The API security maturity model
- The API Security Maturity Model is a corollary to the Richardson Maturity Model associated with RESTful API design, describing four levels of REST compliance. It describes cumulative levels of security, complexity, and efficiency.
- Level 0 uses API keys and basic authentication, which is fundamentally insecure as it assumes whoever has the key is the rightful owner of it.
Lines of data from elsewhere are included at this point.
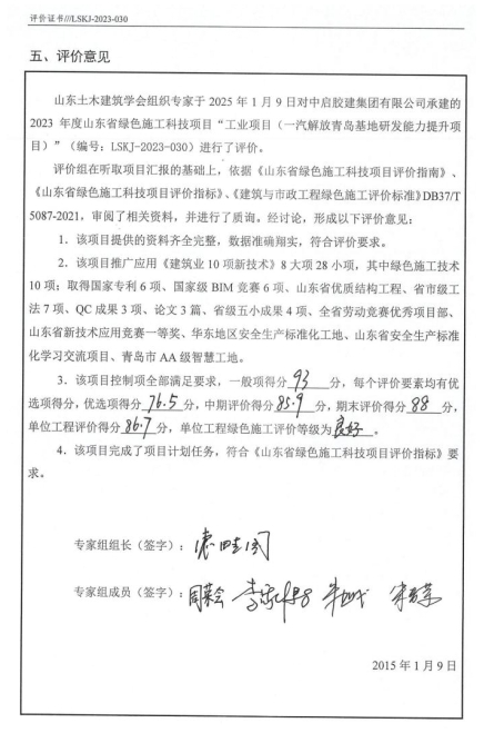山東省綠色施工科技項目評價,是由山東土木建筑學(xué)會組織開展,旨在貫徹落實國家綠色發(fā)展理念,提高工程建設(shè)綠色施工水平,推進全生命周期綠色建造,推動實現(xiàn)碳達峰、碳中和,從而促進工程建設(shè)行業(yè)高質(zhì)量發(fā)展。通過專家評審,該項目單位工程評價取得86.7分的優(yōu)異成績,單位工程綠色施工評價等級為良好。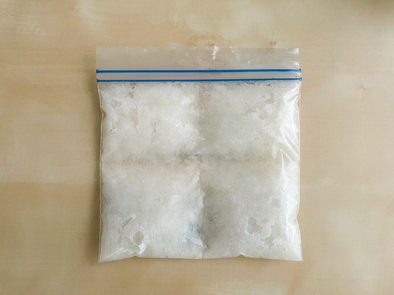 使うときはこの線のところでパキッと折ることができますよ。必要な分を取り出したら、自然解凍でOK。みぞれ煮などに使うときは冷凍のまま加えましょう。
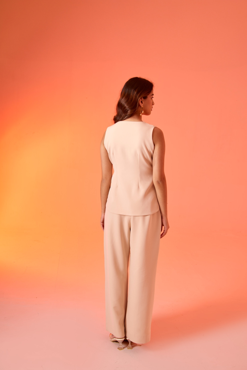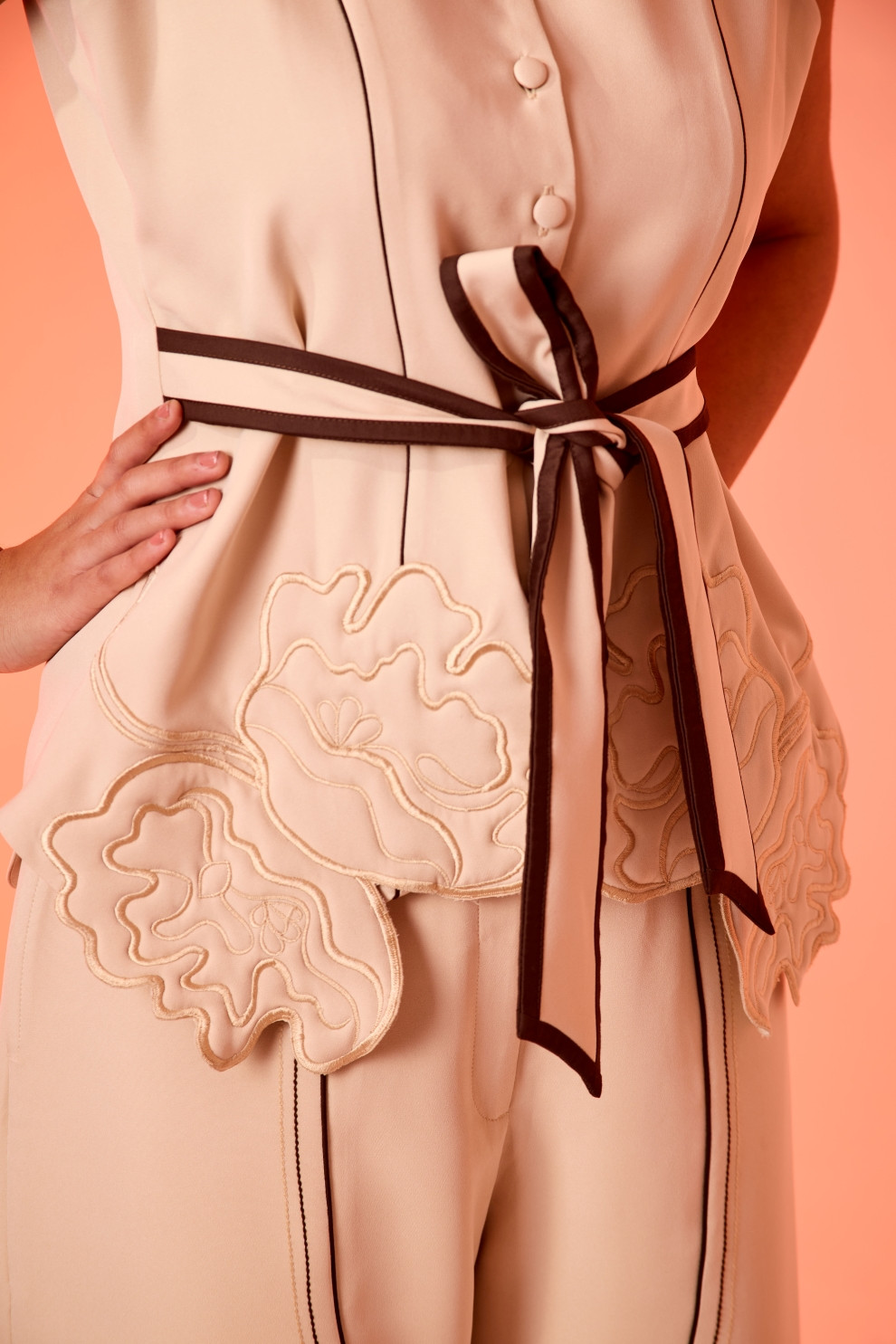 The Nyssa set is the epitome of contemporary sophistication. Featuring a top with a beautifully embossed floral hem and a statement waist tie-up, paired with color-blocked pants that showcase subtle stitchline details.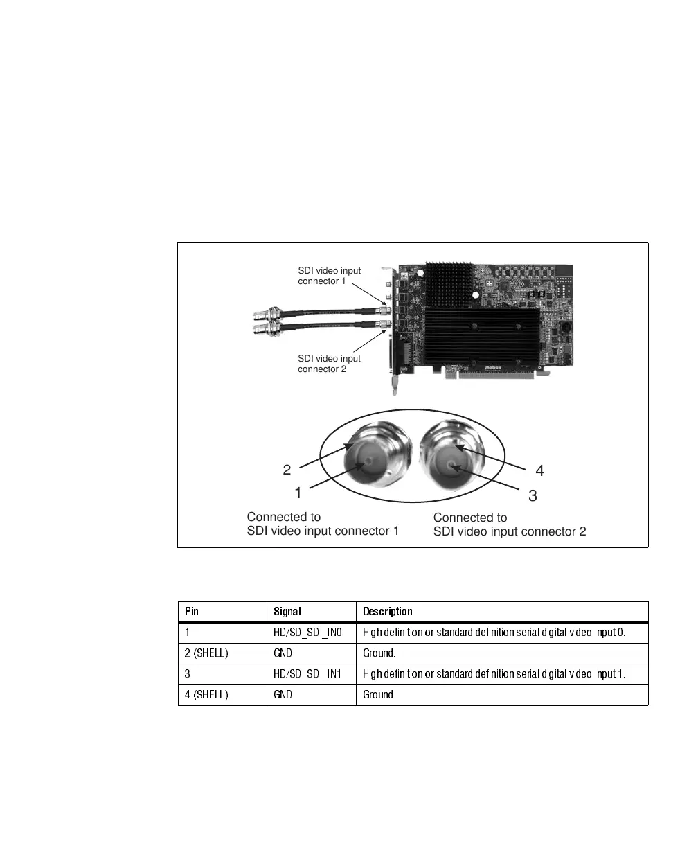 connectors, used to receive HD/SD 3G-SDI video signals. Each connector can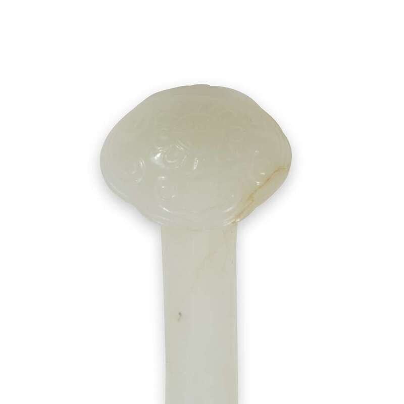 The head carved in the shape of a ruyi, the stone of mottled greyish white with a trace of russet at the head.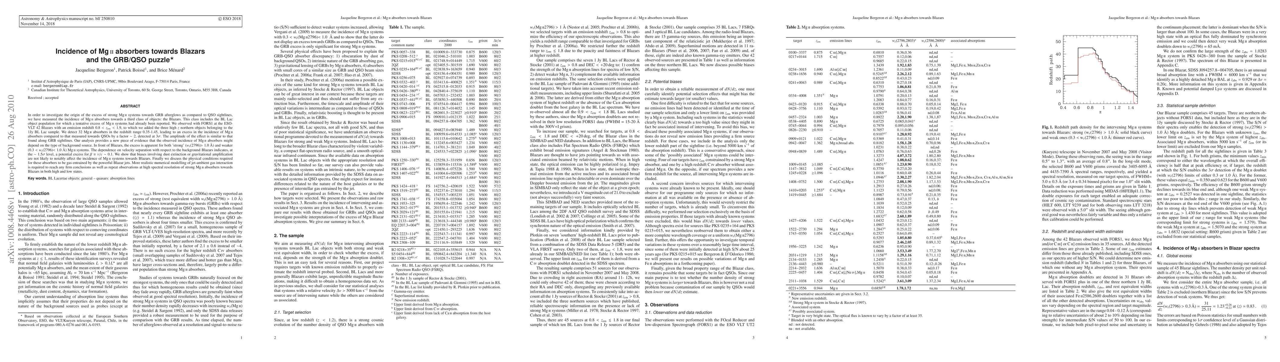 incidence of MgII absorbers towards a third class of objects: the Blazars. This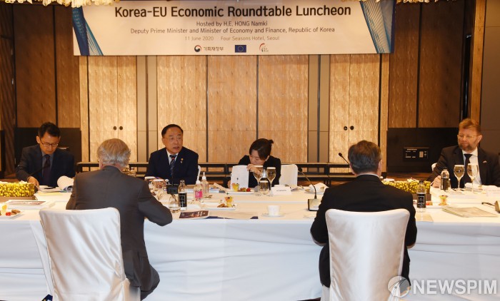 [서울=뉴스핌] 홍남기 부총리 겸 기획재정부 장관이 11일 서울 광화문 포시즌스 호텔에서 열린 '주한 EU대사단 오찬간담회'에서 인사말을 하고 있다.[사진=기획재정부] 2020.06.11 photo@newspim.com

There is basically no separate authorization process.
- Level 1 uses token-based authentication but still conflates authentication and authorization, or produces quasi-authentication where the token acts as an ID card but is vulnerable to malicious intent as you assume the possession of the token is itself guarantee against mal-intent.
- Level 2 uses token-based authorization, where authentication tokens allow entry but access and privileges are regulated by a system such as OAuth, with permissions designed to match a token’s lifespan and purpose or be set so that tokens age out of use; however, these systems are designed to be authoritative so you need to ask whether you can trust the system the token comes from, and also consider the reliability of data in transit, as tokens can collect more data and alter it as they pass through the system, so you need to monitor who adds data and what sort.
- Level 3 uses claims for a centralized trust system, which gathers context and verifies information about the subject rather than simply trusting the caller, API gateway or token issuer; to achieve this, you need an asserting party you trust to verify the context and subject attributes for each claim with signed tokens (using private and public keys).